> _Excerpted records_
Start of Block
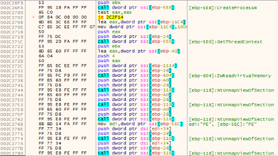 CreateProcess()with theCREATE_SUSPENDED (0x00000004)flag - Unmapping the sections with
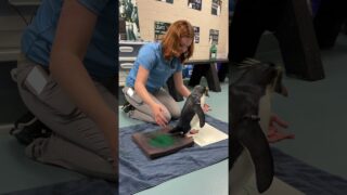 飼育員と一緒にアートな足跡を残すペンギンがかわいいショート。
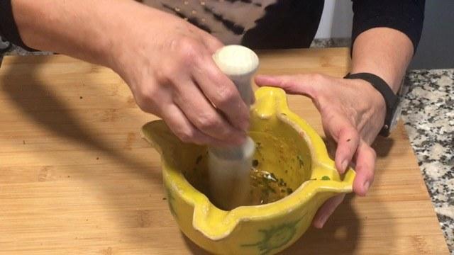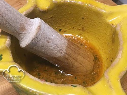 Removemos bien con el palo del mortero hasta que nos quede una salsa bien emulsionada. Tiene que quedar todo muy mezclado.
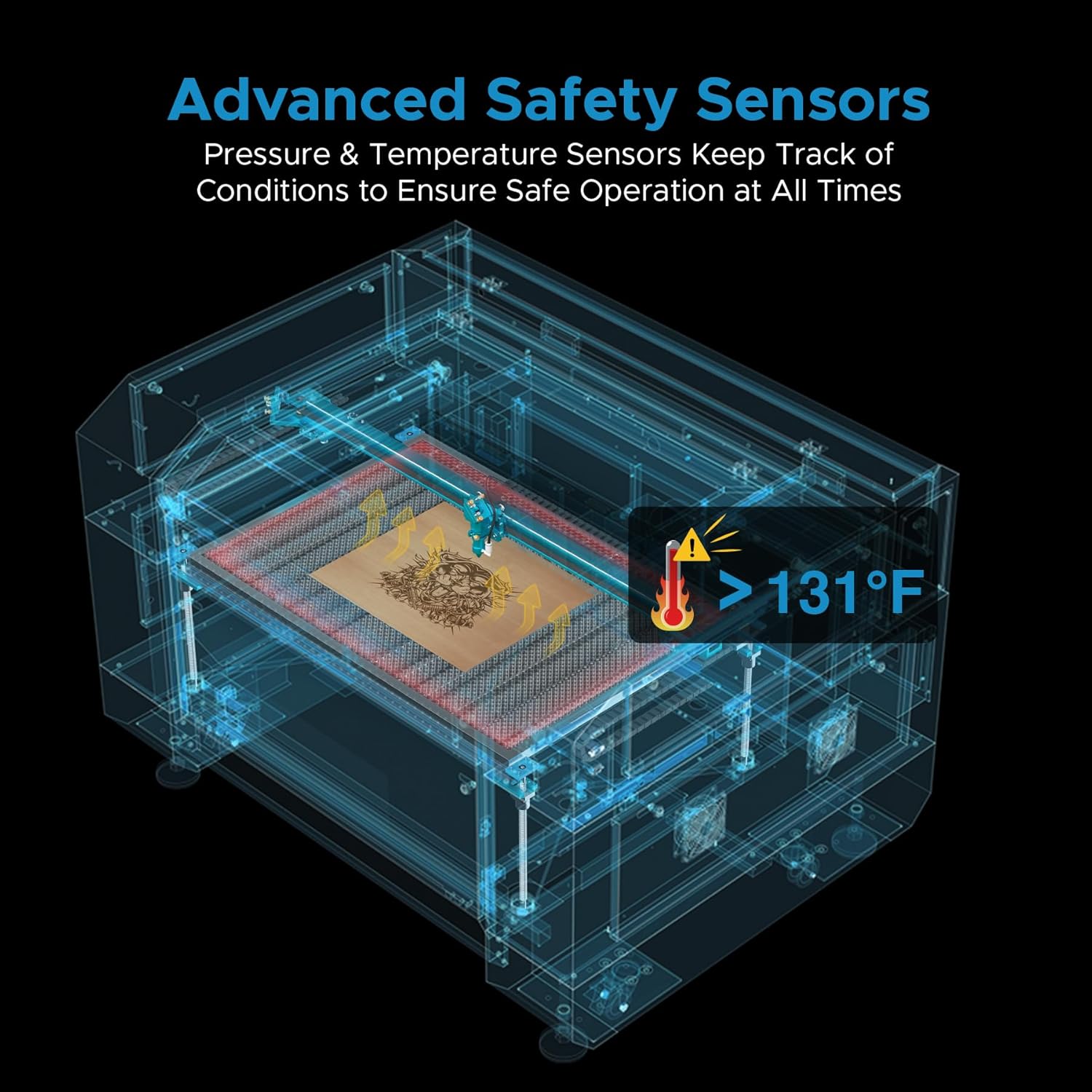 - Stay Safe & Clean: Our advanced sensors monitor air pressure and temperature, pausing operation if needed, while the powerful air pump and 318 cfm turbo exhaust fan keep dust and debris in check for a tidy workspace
End of Block
Start of Block
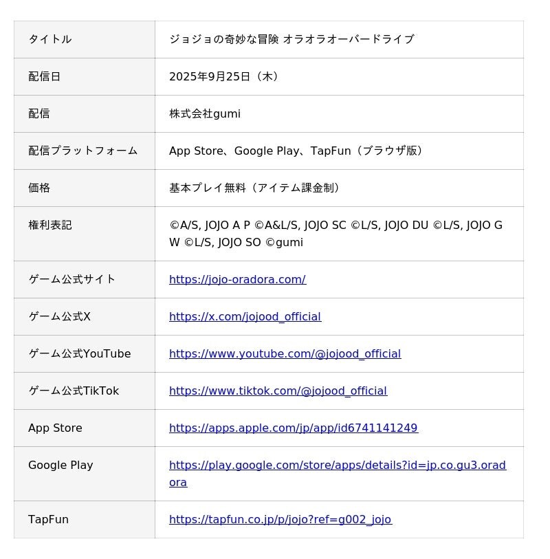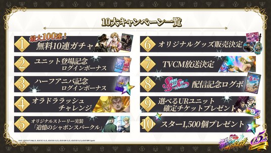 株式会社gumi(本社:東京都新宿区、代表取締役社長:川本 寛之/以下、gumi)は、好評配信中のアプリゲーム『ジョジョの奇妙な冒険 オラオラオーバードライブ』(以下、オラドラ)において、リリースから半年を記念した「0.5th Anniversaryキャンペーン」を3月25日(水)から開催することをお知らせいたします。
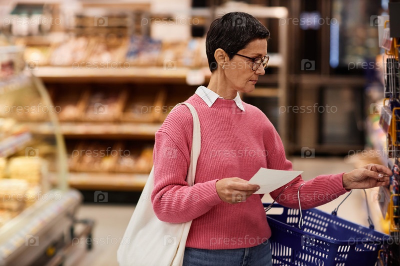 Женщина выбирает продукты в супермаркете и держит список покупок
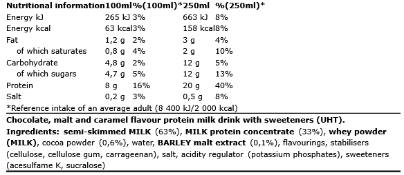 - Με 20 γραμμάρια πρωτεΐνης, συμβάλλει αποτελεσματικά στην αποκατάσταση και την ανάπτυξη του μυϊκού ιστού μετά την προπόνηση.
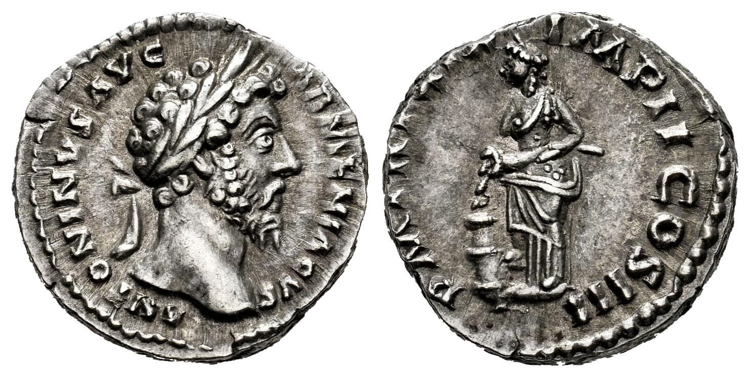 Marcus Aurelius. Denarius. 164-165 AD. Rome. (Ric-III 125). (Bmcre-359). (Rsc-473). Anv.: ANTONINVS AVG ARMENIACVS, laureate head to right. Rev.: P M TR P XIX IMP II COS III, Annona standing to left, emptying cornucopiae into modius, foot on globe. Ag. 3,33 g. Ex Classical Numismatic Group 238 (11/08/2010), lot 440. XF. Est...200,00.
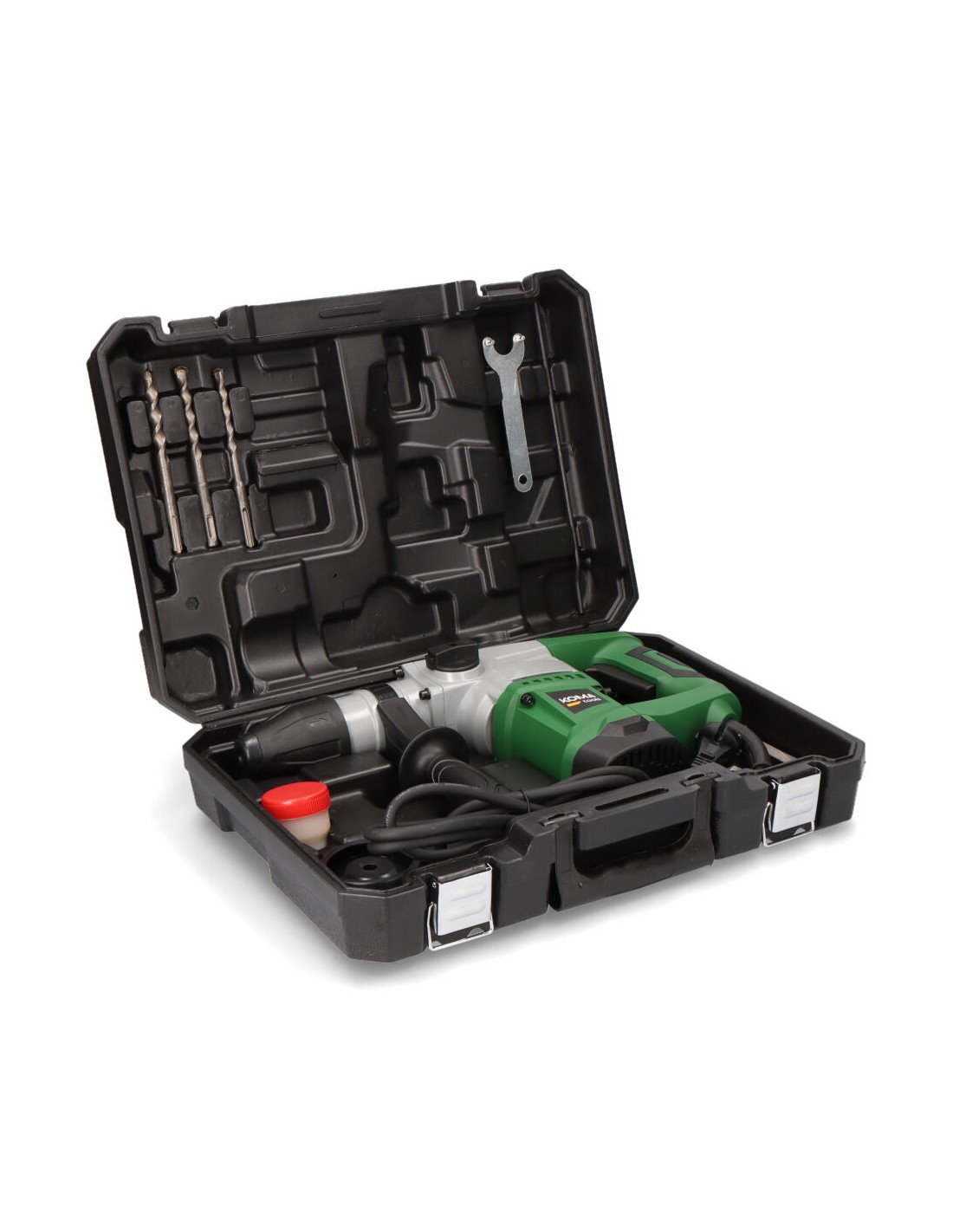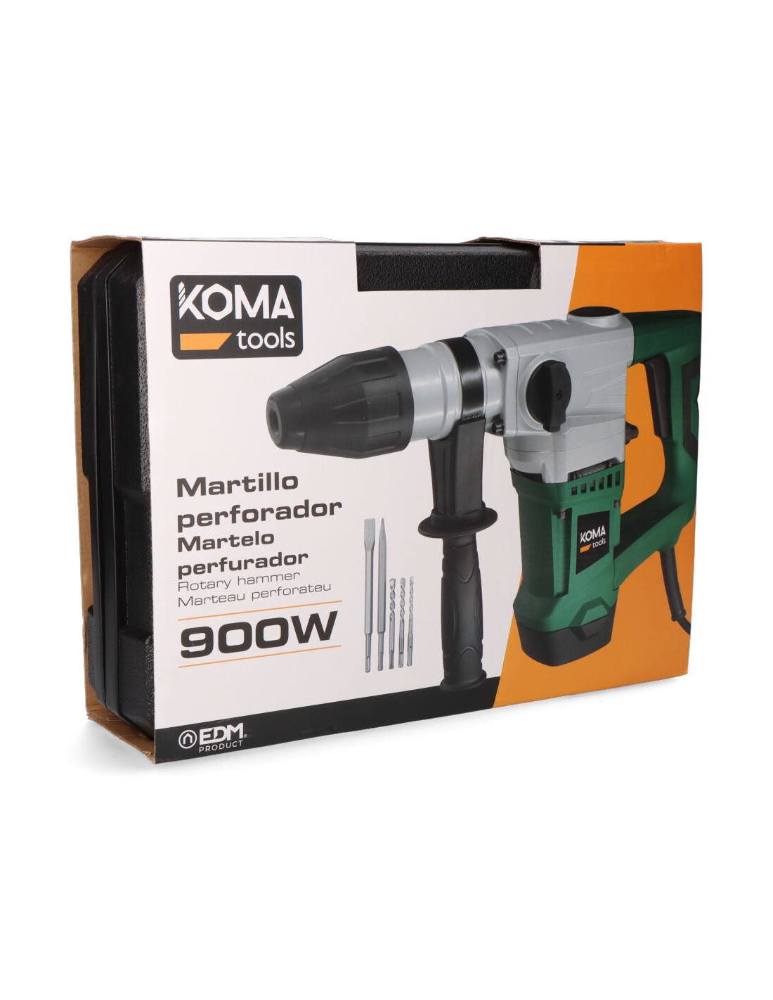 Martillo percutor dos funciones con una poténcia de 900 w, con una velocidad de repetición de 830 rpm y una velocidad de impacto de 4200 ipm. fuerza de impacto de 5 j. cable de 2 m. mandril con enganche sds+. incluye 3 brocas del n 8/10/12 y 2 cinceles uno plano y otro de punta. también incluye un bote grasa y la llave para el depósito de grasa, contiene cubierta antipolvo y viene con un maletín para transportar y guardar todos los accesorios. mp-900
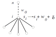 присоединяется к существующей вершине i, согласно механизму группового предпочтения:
End of Block
> _What to do_
Above are some entries; copy exactly the lines from the line with "Removemos bien con" through the line with "- Stay Safe", both included, but none of the pictures.

> _Solved exercise_
 Removemos bien con el palo del mortero hasta que nos quede una salsa bien emulsionada. Tiene que quedar todo muy mezclado.
 - Stay Safe & Clean: Our advanced sensors monitor air pressure and temperature, pausing operation if needed, while the powerful air pump and 318 cfm turbo exhaust fan keep dust and debris in check for a tidy workspace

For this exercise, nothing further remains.